Interferon-α inhibits cell migration and invasion and induces the expression of antiviral proteins in Huh-7 cells transfected with hepatitis B virus X gene-expressing lentivirus.

Hepatitis B virus (HBV) X protein (HBx) serves an important role in HBV infection and the development of HBV-related liver cancer. Interferon-α (IFN-α) is used to treat patients with HBV; however, the role of IFN-α in the development of HBV-related liver cancer remains unclear. The present study established a new HBV-related liver cancer model (Huh-7-HBx) by transfecting the hepatoma cell line Huh-7, with HBx-expressing lentivirus. Following IFN-α treatment, cell viability, migration and invasion, as well as the expression of antiviral proteins in Huh-7-HBx, were subsequently determined. The results demonstrated that HBx-expressing lentivirus had no significant effect on cell viability but promoted the migration and invasion of Huh-7 cells. The expression of the antiviral genes IFN α and β receptor subunit 1 (IFNAR1), IFNAR2, IFN-stimulated gene factor 3, double-stranded RNA-activated protein kinase and ribonuclease L, was also increased. Following treatment of Huh-7-HBx cells with IFN-α, the expression of antiviral genes was increased at the level of transcription and translation, whereas cell migration and invasion was decreased. The present study suggests that IFN-α may attenuate the development of HBV-related liver cancer by reducing cell migration and invasion and promoting the expression of antiviral proteins.

Introduction

Hepatitis B virus (HBV) is an infectious disease that poses a serious threat to human health. It is demonstrated that sexual promiscuity, transfusion of unscreened blood, reusing or sharing of syringes between injection in drug users are the predominant associated risk factors (1,2). The World Health Organization estimates that there are ~350 million people worldwide infected with HBV, which may develop into chronic hepatitis B, liver fibrosis, liver sclerosis or liver cancer (3,4). The estimated worldwide mortality is 0.5 to 1.2 million fatalities a year (1). However, t here are currently no effective treatments for HBV-related liver cancer.
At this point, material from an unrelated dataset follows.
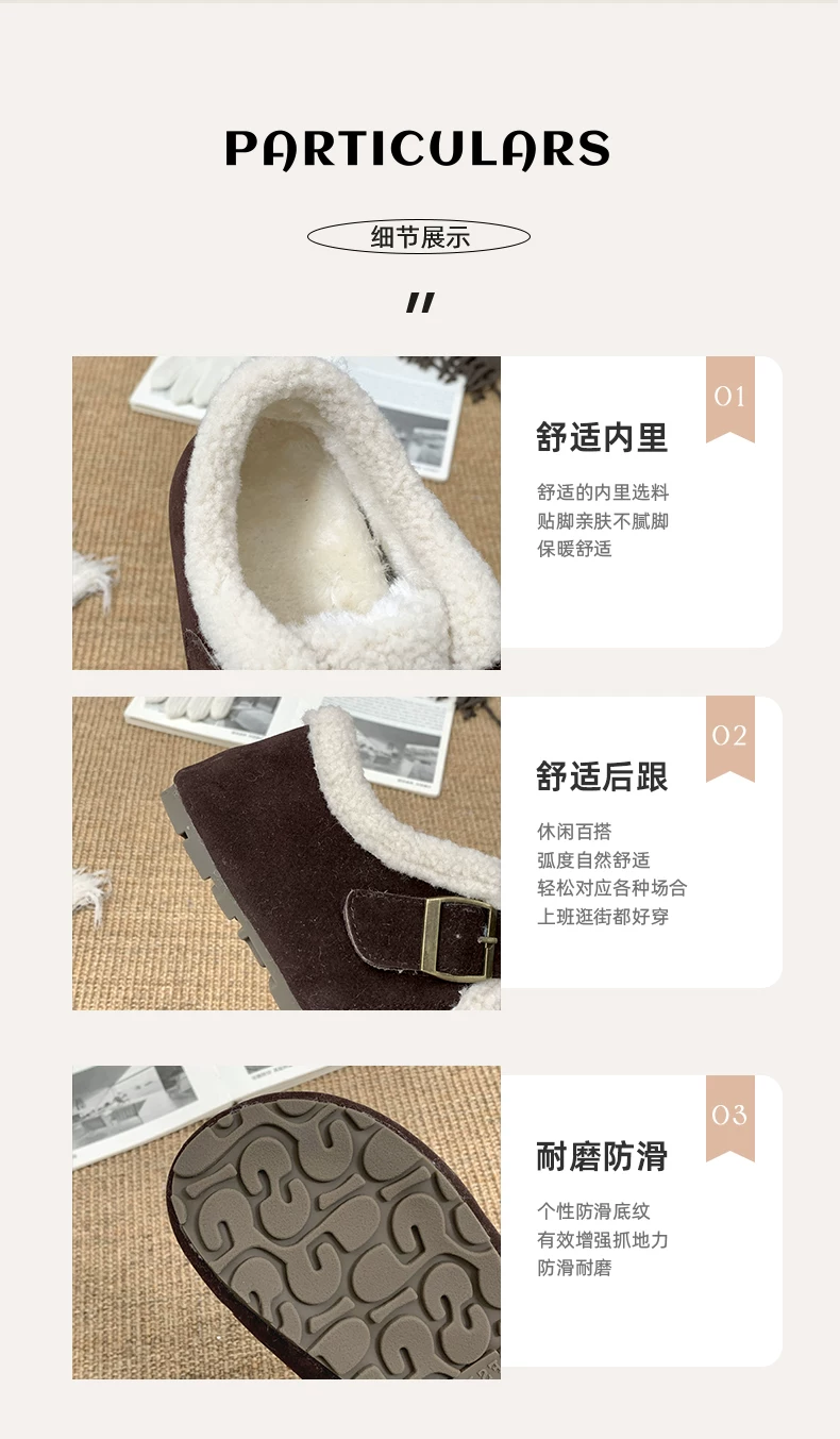 - Giày nữ đế dày bằng vải cotton, lót lông cừu giữ ấm, kiểu dáng cổ điển dày dặn, phủ kín toàn bộ bàn chân, mùa thu đông 2025, kiểu Birkenstock.

Interferon-α (IFN-α) is an antiviral cytokine that has a broad spectrum of action, exhibits high activity and indirect and species specificity (5,6). IFN-α exerts its antiviral activity via activation of the Janus kinase/signal transducer and activator of transcription (JAK-STAT) signaling pathway (7,8). In addition, IFN-α inhibits tumor development by decreasing cell viability, promoting cell apoptosis and attenuating tumor angiogenesis (9–11). IFN-α serves a role in immune surveillance and regulation by enhancing the immune function of T- and B-lymphocytes, natural killer cells and macrophages to enhance the body's ability to kill cancer cells and tumor cells infected by the virus (12,13). The effect of IFN-α on anti-viral, anti-tumor and immune regulation indicates that IFN-α may be used as to treat patients with HBV-related liver cancer. However, the role served by IFN-α regulation in the development of HBV-related liver cancer remains unknown.
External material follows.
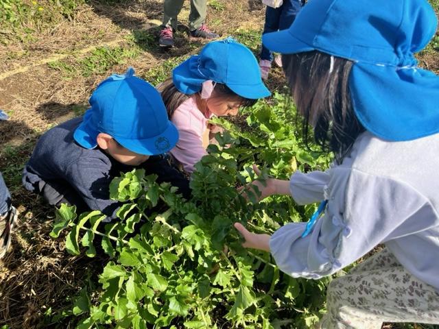 大根の畑には立派な大根の葉が青々と茂り、子ども達はその葉の下を覗き込んで「どの大根がいいかな」と熱心に選び、抜く大根を決めていました。
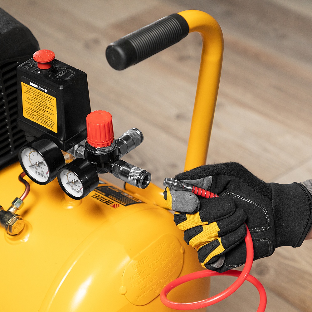 <p>Воздушный компрессор Denzel Х-PRO DK1500/50 58064 мощностью 1,5 кВт, производительностью 230 л/мин, имеет ресивер объемом 50 л и подходит для бытового использования. Обеспечивает подачу воздуха к различным пневматическим инструментам: шуруповерту, краскопульту и др. Будет незаменим в гараже, когда надо подкачать колеса автомобиля или подкрасить его отдельные детали, а также на даче или в частной мастерской. Несмотря на простоту конструкции, компрессор имеет хорошую производительность и возможность подключения сразу нескольких инструментов. </p><h2>Преимущества</h2><ul><li>Автозапуск — в ресивере поддерживается необходимый уровень давления для корректной работы пневмоинструментов.</li><li>Контроль рабочих параметров — два манометра отображают давление в ресивере и выходной магистрали.</li><li>Защита от перегрева — в случае превышения допустимой температуры двигатель отключается.</li><li>Защита по току — при перегрузке двигатель останавливается для предотвращения поломки.</li><li>Безопасность — предохранительный клапан сбрасывает избыточное давление в случае необходимости.</li><li>Простая подготовка к работе — быстросъемные коннекторы рапид (Евро) значительно облегчают процесс подключения пневмоинструмента к компрессору.</li><li>Устойчивость к разрушению — стенки ресивера имеют увеличенную толщину (2,5 мм), сварные швы отличаются высокой прочностью.</li><li>Ремонтопригодность — раздельное крепление цилиндра к картеру и головки к цилиндру облегчает замену вышедших из строя элементов.</li><li>Надежная система фильтрации — воздушный фильтр с металлическим корпусом и качественным картриджем из гофробумаги рассчитан на долгий срок службы.</li><li>Быстрое удаление влаги — сливная пробка со специальными ушками легко откручивается и закручивается, что упрощает слив конденсата после окончания работы.</li><li>Мобильность — транспортировочные колеса позволяют легко перемещать компрессор по рабочей площадке.</li><li>Виброзащита — резиновая опора гасит вибрации, поэтому работа компрессора не вызывает дискомфорт.</li><li>Гарантия 3 года — надежность компрессора подтверждена производителем.</li></ul>

Hepatitis B X protein (HBx), encoded by HBV DNA, serves an important role during the development of chronic hepatitis B, liver cirrhosis and liver cancer (14). Therefore, the current study established a novel HBV-related liver cancer model by transfecting the hepatoma cell line Huh-7 with HBx-expressing lentivirus, which has been previously studied (15–18) and subsequently investigated the effect of IFN-α on the growth of cancer cells to identify its potential as a drug for treating HBV-related liver cancer.

Materials and methods

Cell culture

The human hepatoma cell line Huh-7 (The Cell Bank of Type Culture Collection of Chinese Academy of Sciences; Wuhan, China) was cultured in Dulbecco's Modified Eagle medium (DMEM; HyClone; GE Healthcare Life Sciences, Logan, UT, USA) supplemented with 10% fetal bovine serum (Gibco; Thermo Fisher Scientific, Inc., Waltham, MA, USA), 80 U/ml penicillin and 80 µg/ml streptomycin (HyClone; GE Healthcare Life Sciences). The cells were incubated in 5% CO2 at 37°C. 1,000 IU/ml of IFN-α (Sigma-Aldrich; Merck KGaA; Darmstadt, Germany) was used to treat the cells in the following experiments.
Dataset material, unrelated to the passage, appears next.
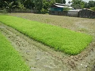 - And the other way [of transplanting rice] is when the earth is cut into divisions and water is introduced into it to stand a handspan high, then the seeds are strewn onto it, and when the earth is soaked by this water the rice is covered with sprinkled soil strewn onto it by the hands until some hours have passed and the soil which has been strewn on it is damp too, and the water shall stand in these beds continuously and without intermission.
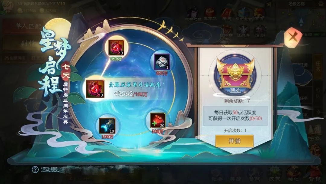 星梦启程活动期间玩家每日活跃度达标即可开启周年礼盒,

Transfection of HBx-expressing lentivirus into Huh-7 cells

HBx-expressing lentivirus was produced from pLenti6.2/V5-DEST plasmid (Invitrogen; Thermo Fisher Scientific, Inc., Waltham, MA, USA) with the second generational system. Briefly, the packaging plasmids were transformed into 293T cells with Lipofectamine 2000 (Invitrogen; Thermo Fisher Scientific, Inc.) according to the manufacturer's protocol. Lentivirus was harvested 72 h after transfection, and then the titer was determined as described previously (19). Huh-7 cells were transfected with 3×107 infectious units per milliliter of HBx-expressing lentivirus (Novobio Scientific, Inc., Shanghai, China) on a 96-well plate. The control cells were transfected with the same concentration of empty lentivirus. Medium was replaced 24 h following transfection, and subsequent experiments began 24 h post transfection.

Treatment groups

The following four groups were used in the present study: Control (no treatment); IFN-α only, Huh-7 cells were treated with 1,000 IU/ml of IFN-α for 24 h at 37°C; HBx infected cells, Huh-7 cells were transfected with 3×107 infectious units per milliliter of HBx-expressing lentivirus for 24 h at 37°C; HBx+IFN-α group, after the transfection of HBx-expressing lentivirus for 24 h, Huh-7 cells were treated with 1,000 IU/ml of IFN-α for an additional 24 h.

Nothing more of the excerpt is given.